--- START ---
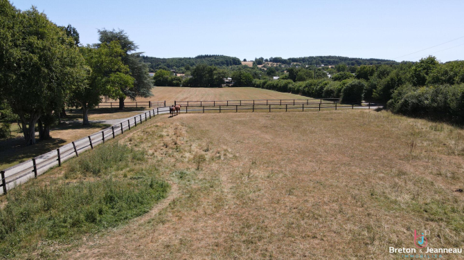 A Vimartin-sur-Orthe, en Mayenne et limite Sarthe, venez découvrir cette belle propriété équestre sur un terrain d'environ 4ha. Elle comprend une maison de caractère d'une surface habitable de 250m² offrant hall d'entrée, salle à manger, salon avec cheminée insert, cuisine, bureau, trois salles d'eau, une salle de bains, une suite parentale PMR, cinq autres chambres dont une en enfilade et trois wc. En extérieur vous profiterez d'une dépendance d'environ 150m² avec tomettes, poutres, cheminée et cuisine; d'une seconde dépendance comprenant trois boxes (10.5m² chacun), douche à chevaux, sellerie, marcheur électrique 3 places et de plusieurs hangars. A visiter!
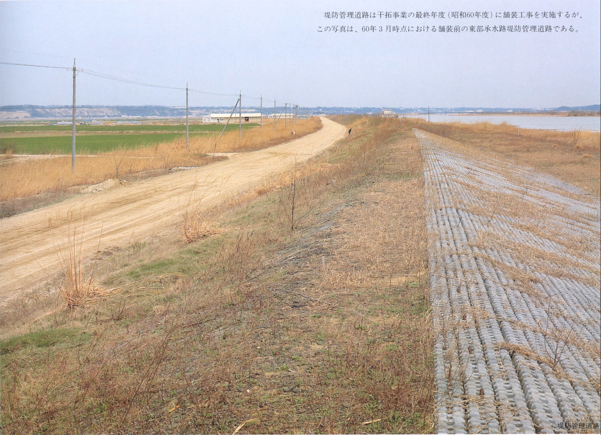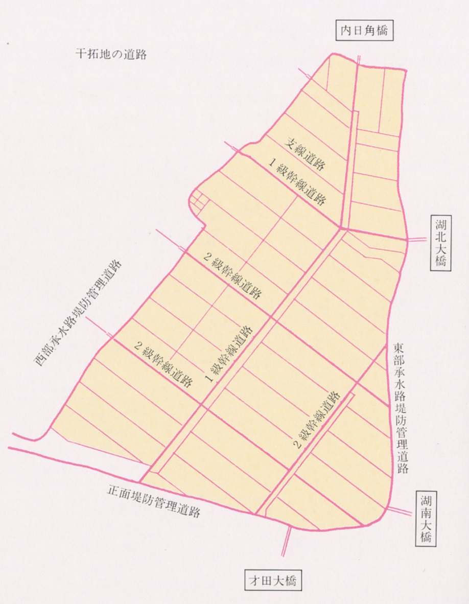 締切堤防をつくる際、管理道路の部分も含めたはばで砂が盛られた。したがって、一番最初にこの道路の形ができた。干拓地のあらゆる工事に使用される機械や資材は、すべて、干拓地の外から運びこまれたが、そのためにまずかけられた湖南、湖北の大橋と管理道路の果たした役割は大きい。
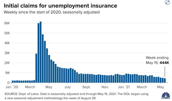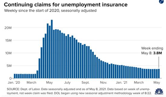 Covid-19疫苗的持續強勁增長刺激了經濟反彈,美國每天仍接種180萬支疫苗。據截至5月1日的數據顯示,隨著領取福利金的人數持續下滑,領取福利金的總人數減少了近90萬人,接近1600萬人。
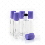 Contents: 5 x 10ml clear bottles with amethyst (purple) cap and new style stainless steel rollerballs
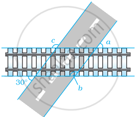 A road crosses a railway line at an angle of 30° as shown in the following. Find the values of a, b and c.
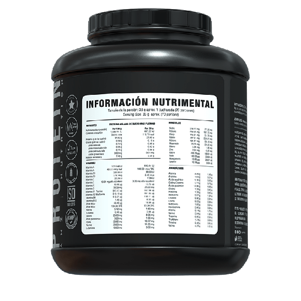 Proteína 27g - BCAA´s 5g - Azúcares 0g - Inositol 8.2g - Taurina 11.5 mg
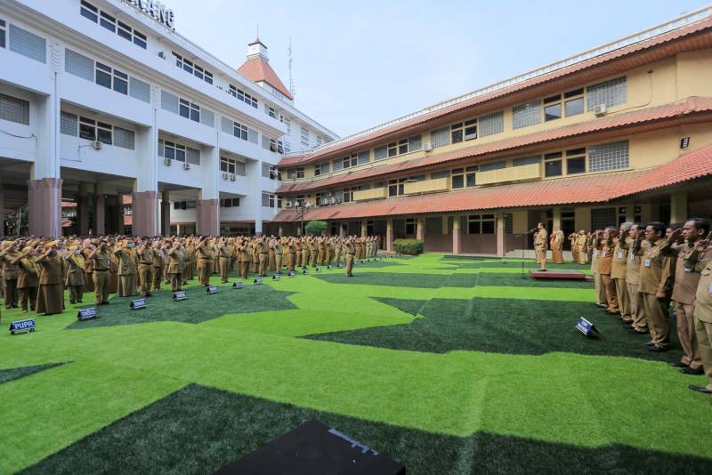 “Dan disiplin yang paling sederhana yaitu dengan mengikuti apel pagi, yang harus kita jalani karena pada saat apel itu nggak sekadar silaturahmi, berbagi informasi, tapi melatih kedisiplinan, mengukur tanggung jawab kita,” ucap Arief, saat menyampaikan arahannya.
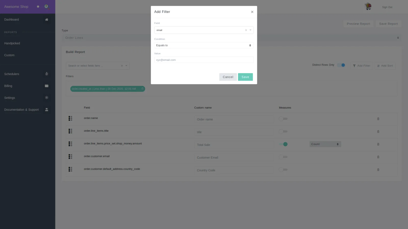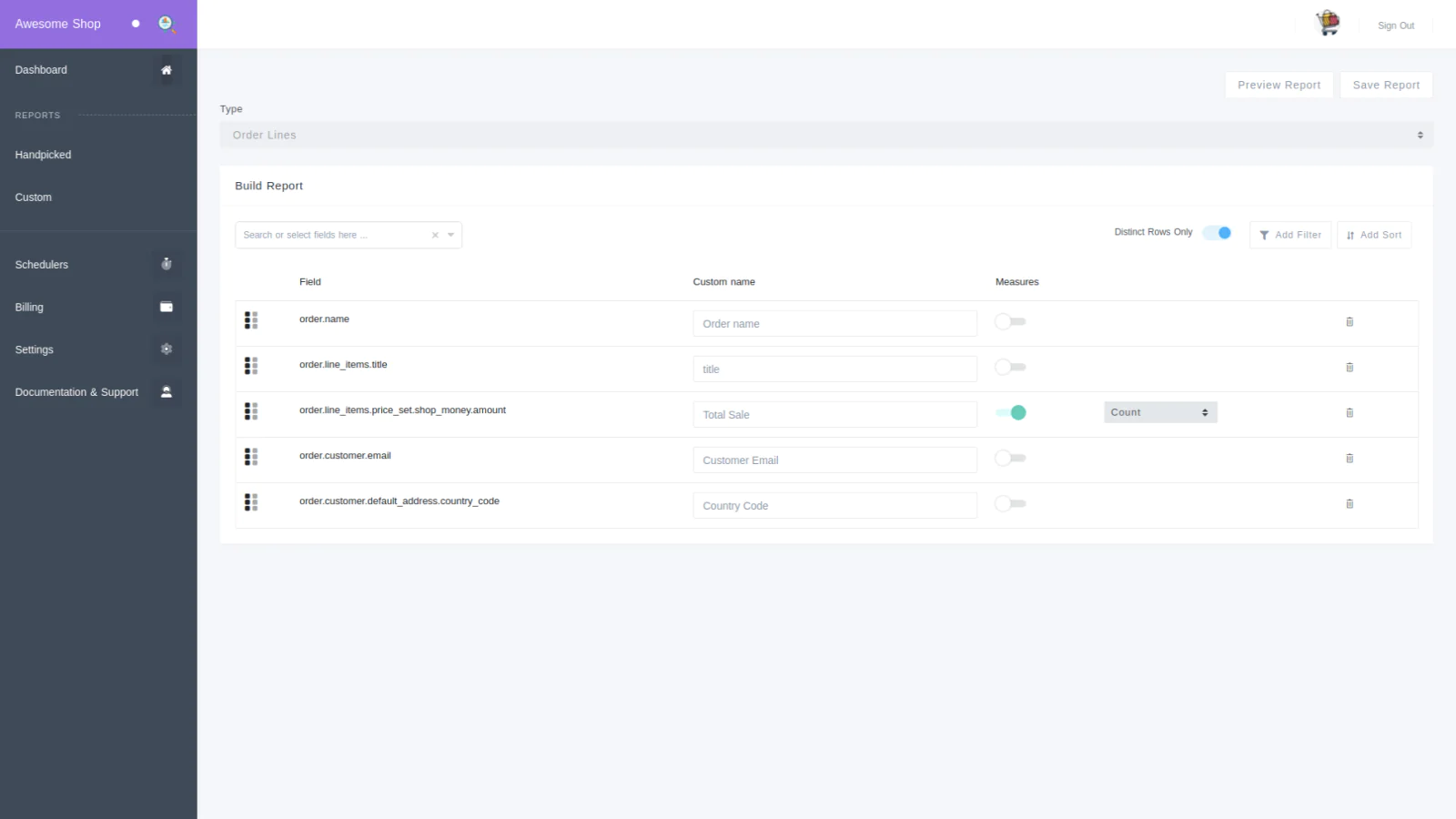 Make Custom reports on Shopify orders, products, inventory and customers easily. Make reports about your shopify orders, products, inventory and customers in a very easy and customizable way. Select any shopify data - order, line item, product, variant or customer attribute you might need on your report. Add filters for your output data. And sort result in any order you would like. ReportsZilla reports will generate the report for you in seconds!
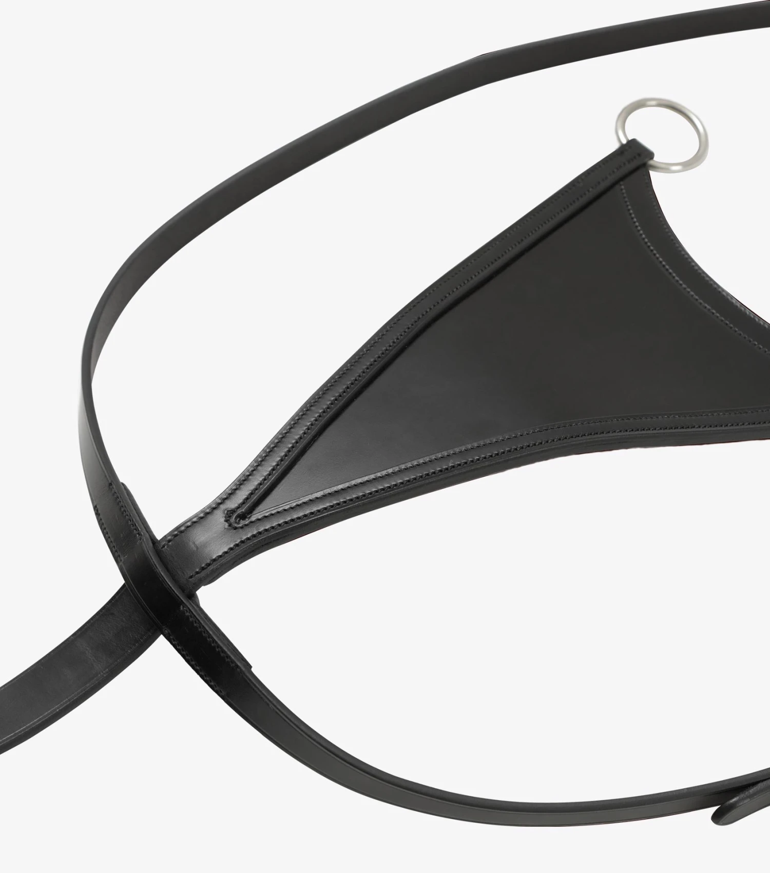 A bib martingale works in the same way as a classic running martingale. The addition of a bib keeps the reins closer together and also prevents the horse from getting the neck straps in its mouth. It can be used to help prevent a horse from raising its head above a point where it can be controlled. When the horse raises its head too high the martingale applies leverage through the reins to the bit, encouraging the horses head downwards.
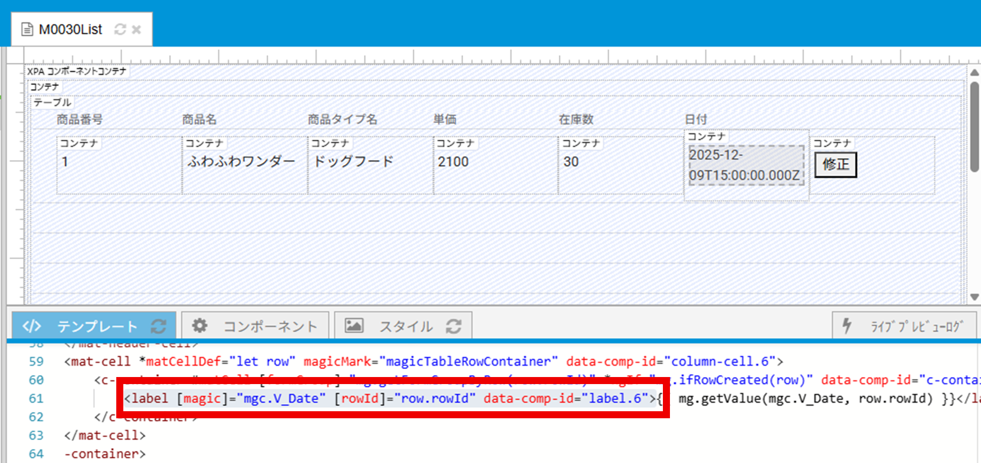 テーブルの日付がISO 8601形式で表示されることを防ぐには
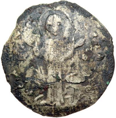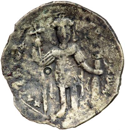 Byzantine Empire. Alexius I, 1081-1118 (Pre-Reform Coinage, 1081-1092). Miliaresion (billon, concave fabric, 1.88g). Constantinople The Virgin stg. facing on footstool, nimbate and with her hands uplifted (orans), inscription around "May the Mother of God help your servant". Rev. Alexius, crowned and wearing military attire, stg. facing, holding long cross and resting on hilt of sheathed sword, dot below his r. elbow. DOC 10; Hendy pl. 2, 13; Sear 1897. Fair to Fine and very rare.
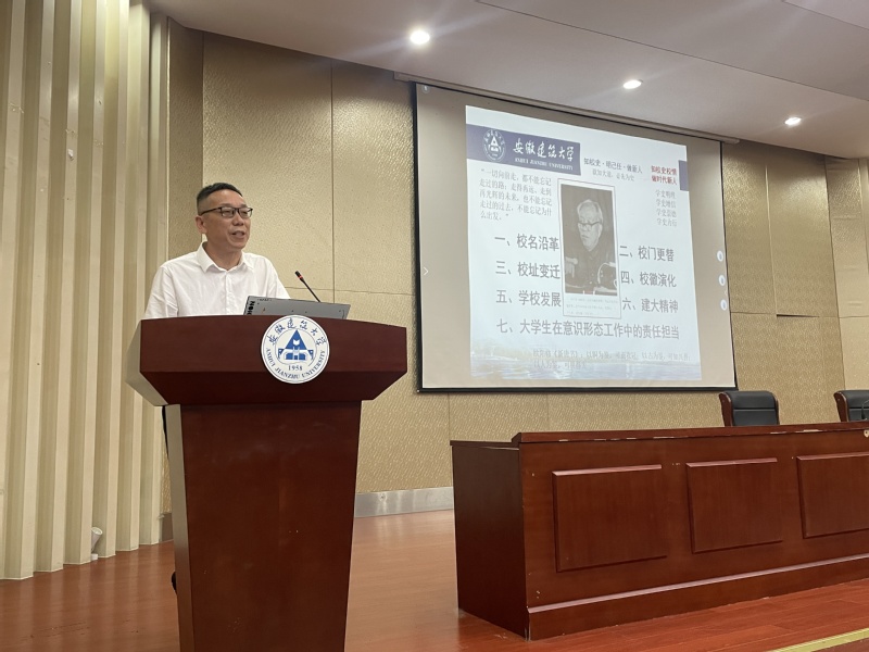 “安徽建筑工业学院的成立是全院师生员工的一件大事”,徐庚阳通过大量图片和文字,系统全面地介绍学校的办学历史、办学特色和发展成就,引导新生将爱校、荣校意识内化于心,激励新生明确自身责任使命,坚定理想,努力学习,争做新时代建大人。最后,徐庚阳结合思想政治教育要求和学生管理工作实践对新生们在意识形态工作中的责任担当提出“五线”要求:一是对标楷模,弘扬“主线”;二是力争高分,看齐“高线”;三是确保良好,守牢“低线”;四是保底及格,警惕“灰线”;五是杜绝失责,不碰“红线”。
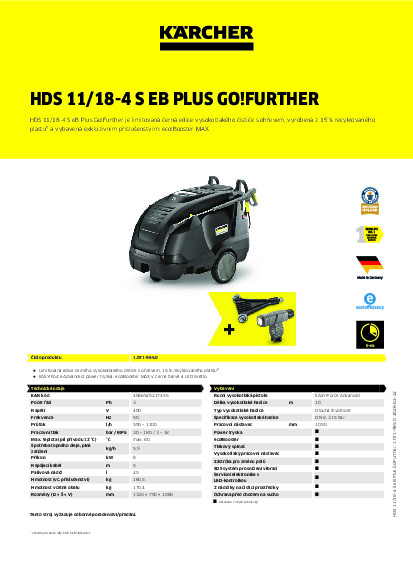 Limitovaná edice černého modelu HDS 11/18-4 S eB Plus Go!Further, vyrobená z téměř 15 % recyklovaného plastu¹⁾ a vybavená exkluzivním příslušenstvím, jako je eco!Booster MAX a LED osvětlení trysky, je ekologickým a výkonným zařízením třídy v super třídě vysokotlakých čističů s ohřevem vody. Režim eco!efficiency, přesná dávkovací jednotka čisticího prostředku, servisní spínač pro regulaci tvrdosti vody a optimalizovaná konstrukce hořáku umožňují ekonomický provoz a zároveň poskytují vynikající výsledky čištění. To je dáno zejména vynikající účinností čerpadla, patentovanou technologií trysky, keramickými písty a turbodmychadlem. Intuitivní ovládání s LED displeji usnadňuje používání, zatímco dvě otočná kolečka, velká kola s gumovými pneumatikami a ergonomické rukojeti zajišťují snadnou přepravu. Údržba a servis jsou také snadné: všechny důležité komponenty jsou snadno přístupné a důležité provozní údaje lze pohodlně vyhledat.
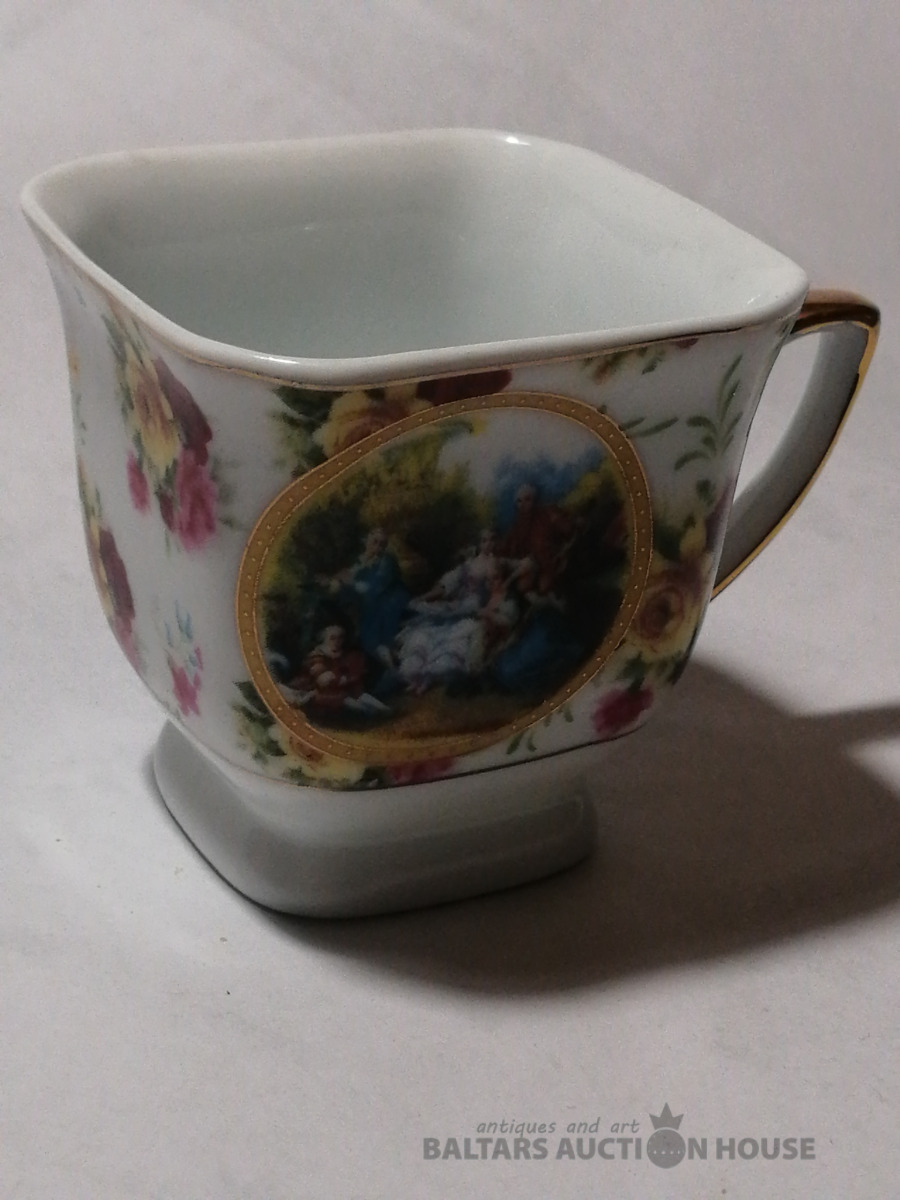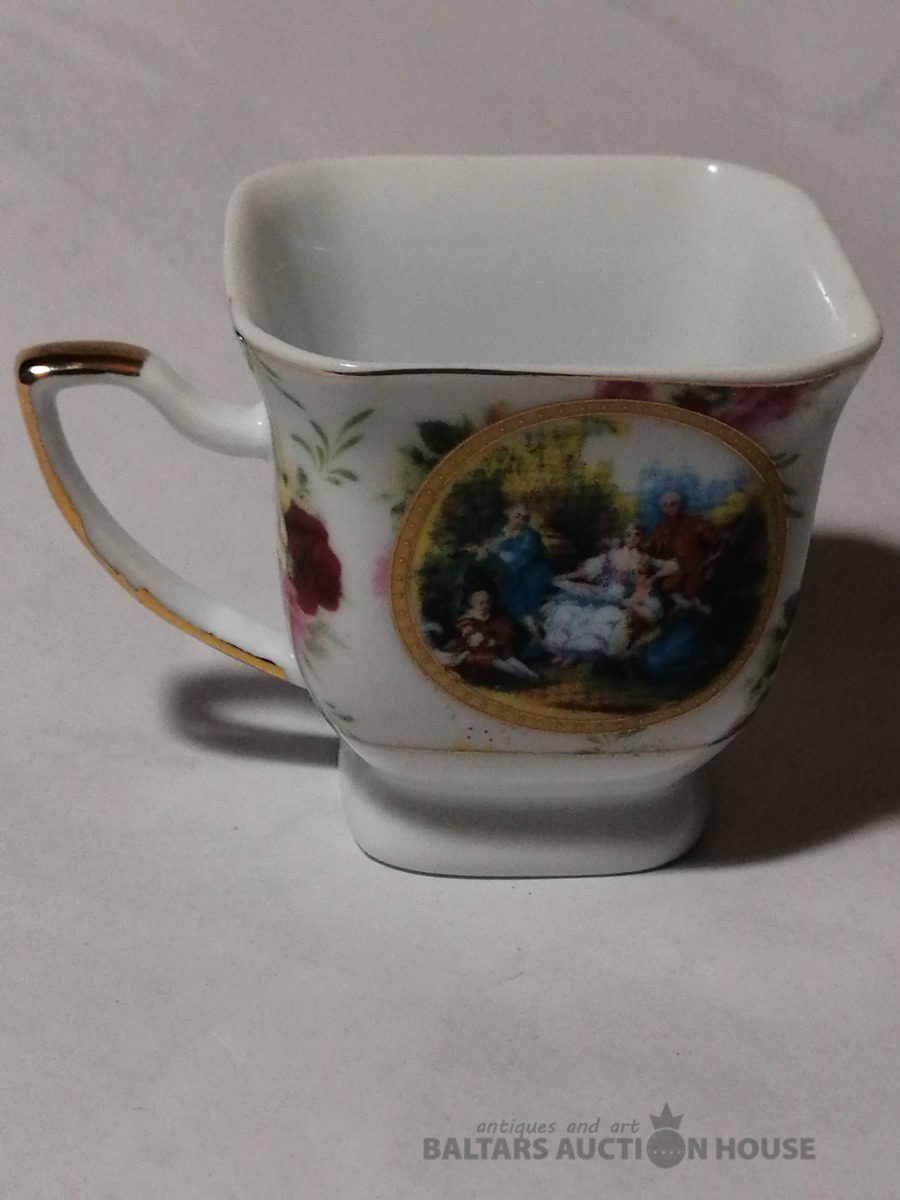 Četrstūraina krūzīte, porcelāns, zeltījums, augstums 7,5 cm, nelietota
--- END ---
■ Task to carry out ■
In the listing above, find the line with "締切堤防をつくる際、管理道路" and output every line through the one with "Make Custom reports", exactly, without the pictures.

■ Result for this task ■
 締切堤防をつくる際、管理道路の部分も含めたはばで砂が盛られた。したがって、一番最初にこの道路の形ができた。干拓地のあらゆる工事に使用される機械や資材は、すべて、干拓地の外から運びこまれたが、そのためにまずかけられた湖南、湖北の大橋と管理道路の果たした役割は大きい。
 Covid-19疫苗的持續強勁增長刺激了經濟反彈,美國每天仍接種180萬支疫苗。據截至5月1日的數據顯示,隨著領取福利金的人數持續下滑,領取福利金的總人數減少了近90萬人,接近1600萬人。
 Contents: 5 x 10ml clear bottles with amethyst (purple) cap and new style stainless steel rollerballs
 A road crosses a railway line at an angle of 30° as shown in the following. Find the values of a, b and c.
 Proteína 27g - BCAA´s 5g - Azúcares 0g - Inositol 8.2g - Taurina 11.5 mg
 “Dan disiplin yang paling sederhana yaitu dengan mengikuti apel pagi, yang harus kita jalani karena pada saat apel itu nggak sekadar silaturahmi, berbagi informasi, tapi melatih kedisiplinan, mengukur tanggung jawab kita,” ucap Arief, saat menyampaikan arahannya.
 Make Custom reports on Shopify orders, products, inventory and customers easily. Make reports about your shopify orders, products, inventory and customers in a very easy and customizable way. Select any shopify data - order, line item, product, variant or customer attribute you might need on your report. Add filters for your output data. And sort result in any order you would like. ReportsZilla reports will generate the report for you in seconds!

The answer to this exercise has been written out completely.